Live In Care vs Care Home


The benefits of live in care vs care home include staying in a familiar environment, personalised private care, privacy and control.

 Live In Care vs Care Home, HomeTouch Blog

Live in care vs care home

When someone you love and care for is no longer able to live safely alone, it can be difficult to know which way to turn.

The care options can be confusing when you’re balancing your head, your heart and your wallet. But try not to panic, there are ways to access the right support and maintain your loved one’s safety, wellbeing and dignity.

When an individual is struggling, it may seem like residential care is the only option. But live in care in their own home can be a valid alternative. The right choice for your family is all about balancing the pros and cons of both, together with your loved one’s own preference. We spoke to families and to people working in the industry and found out the advantages and the disadvantages of live in care vs care home:

Live in care

Carers can be hired to come into your loved one's own home and support them day and night.

The good bits:

  1. Familiar environment: Your loved one can stay in the home that they love with all their favourite objects, furniture and memories. A cherished book, a favoured tea cup and the armchair where they do the crossword every morning will all remain close at hand.
  2. A space of their own: In their own home, there’s always somewhere to get away and have some peace, quiet and privacy.
  3. Keeping it regular: As we get older we can get a little stuck in our ways. It can be confusing and distressing having to adapt to new routines. This is particularly true in individuals with dementia. There’s good evidence that sticking to a familiar environment and schedule really can help maintain function and independence.
  4. Close to family and friends: Staying in their local area means they can keep contact with friends, neighbours and family.
  5. One-to-one care: With live in care givers you have a devoted carer, whose job it is to support and help your loved one, so you don’t have to worry that they are being neglected because of other demands on their time.
  6. Furry friends: If they have much-loved pets, they can stay with them, which can help boost wellbeing and reduce stress.

The bad bits:

  1. Show me the money: Live in care can work out a little pricier than residential care. However, by using an agency like HomeTouch, that introduces self-employed caregivers, the costs are lower to the customer. Live in care can also be a great idea if you have two loved ones needing support, it can work almost like a buy-one-get-one-free scenario. It means they can continue to live together, in their home, as a couple, for the rest of their days.
  2. Keeping house: Your carers will attend to everything your loved one needs but it’s still important to consider bills, gardening and house maintenance, which can be a big responsibility.
  3. Personality clash: Sometimes your loved one won’t like or gel with their carer. It’s better to prevent this by interviewing carers on the telephone and in person and running a test shift to check their rapport.
  4. Employer responsibilities: If you hire a carer privately through an advert or personal recommendation, you automatically become their employer. This role brings with it a number of legal and financial responsibilities. Consider using an agency that will shoulder some of this burden.

Residential care

Sometimes illness, dementia or mobility problems can make home seem like a dangerous place for your loved one. A residential facility may be the best choice for maintaining their safety and wellbeing.

The good bits:

  1. Social stimulation and companionship: In a care home, they are rarely alone. There’s always someone nearby to chat with, which can help prevent loneliness and social isolation.
  2. Activities: There are often talks, entertainment and exercise classes to keep your loved one occupied, active and interested.
  3. Peace of mind: With many carers and support staff available there will be people to attend to your loved one’s needs around the clock.
  4. No responsibility for house bills and maintenance: With your loved one living away from home you may discuss selling or renting the family home out.

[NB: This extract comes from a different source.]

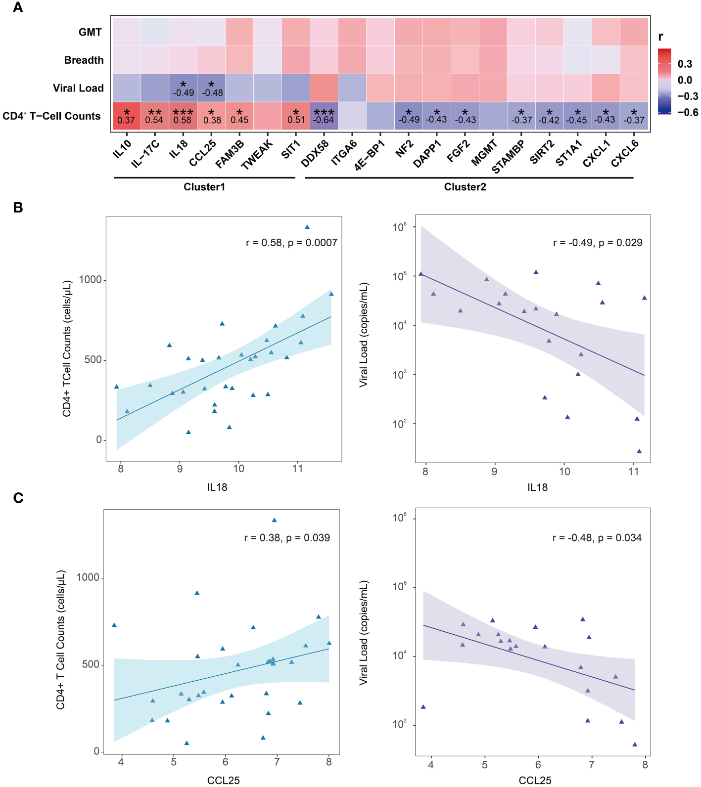 Figure 5 Correlation between DEPs (LTNPs vs. VPs) expression and clinical indicators. (A) Heatmap shows Spearman’s correlation between the expressions of DEPs (LTNPs vs. VPs) and clinical immunological indicators. * p < 0.05, ** p < 0.01 and *** p < 0.001. (B) The left panel shows a significant positive correlation between IL-18 and CD4+ T-cell counts, and the right panel shows a significant negative correlation between IL18 and viral load. (C) The left panel presents a significant positive correlation between CCL25 and CD4+ T-cell counts, and the right panel displays a significant negative correlation between CCL25 and viral load.

However, if it remains empty, then keeping up with bills and repairs will be a demanding task.

The bad bits:

  1. Lack of privacy: The noise and bustle of a care home can seem overwhelming to a new arrival; it may seem that there is nowhere to which they can escape.
  2. Staff turnover: There may be lots of staff caring for your loved one at different times which can make it difficult to build a relationship and understanding with the carers.
  3. Distress and disorientation: Moving into a new environment can be confusing, especially for people affected by Alzheimer’s. Many individuals find it difficult to adapt and their function and independence may be significantly impaired.
  4. Marching to someone else’s rhythm: It can be tricky when you’ve spent a lifetime making your own choices about when to wake, eat and sleep, to change your habits to fit with a care home’s set timetable.
Only you, your family and your loved one can make the decision that is best for everyone. But whatever you choose, remember to let go of guilt. You are not abandoning the individual; you are ensuring that they are safe and well cared for. This can leave you free to enjoy your time together, whether it’s in a care home or at home.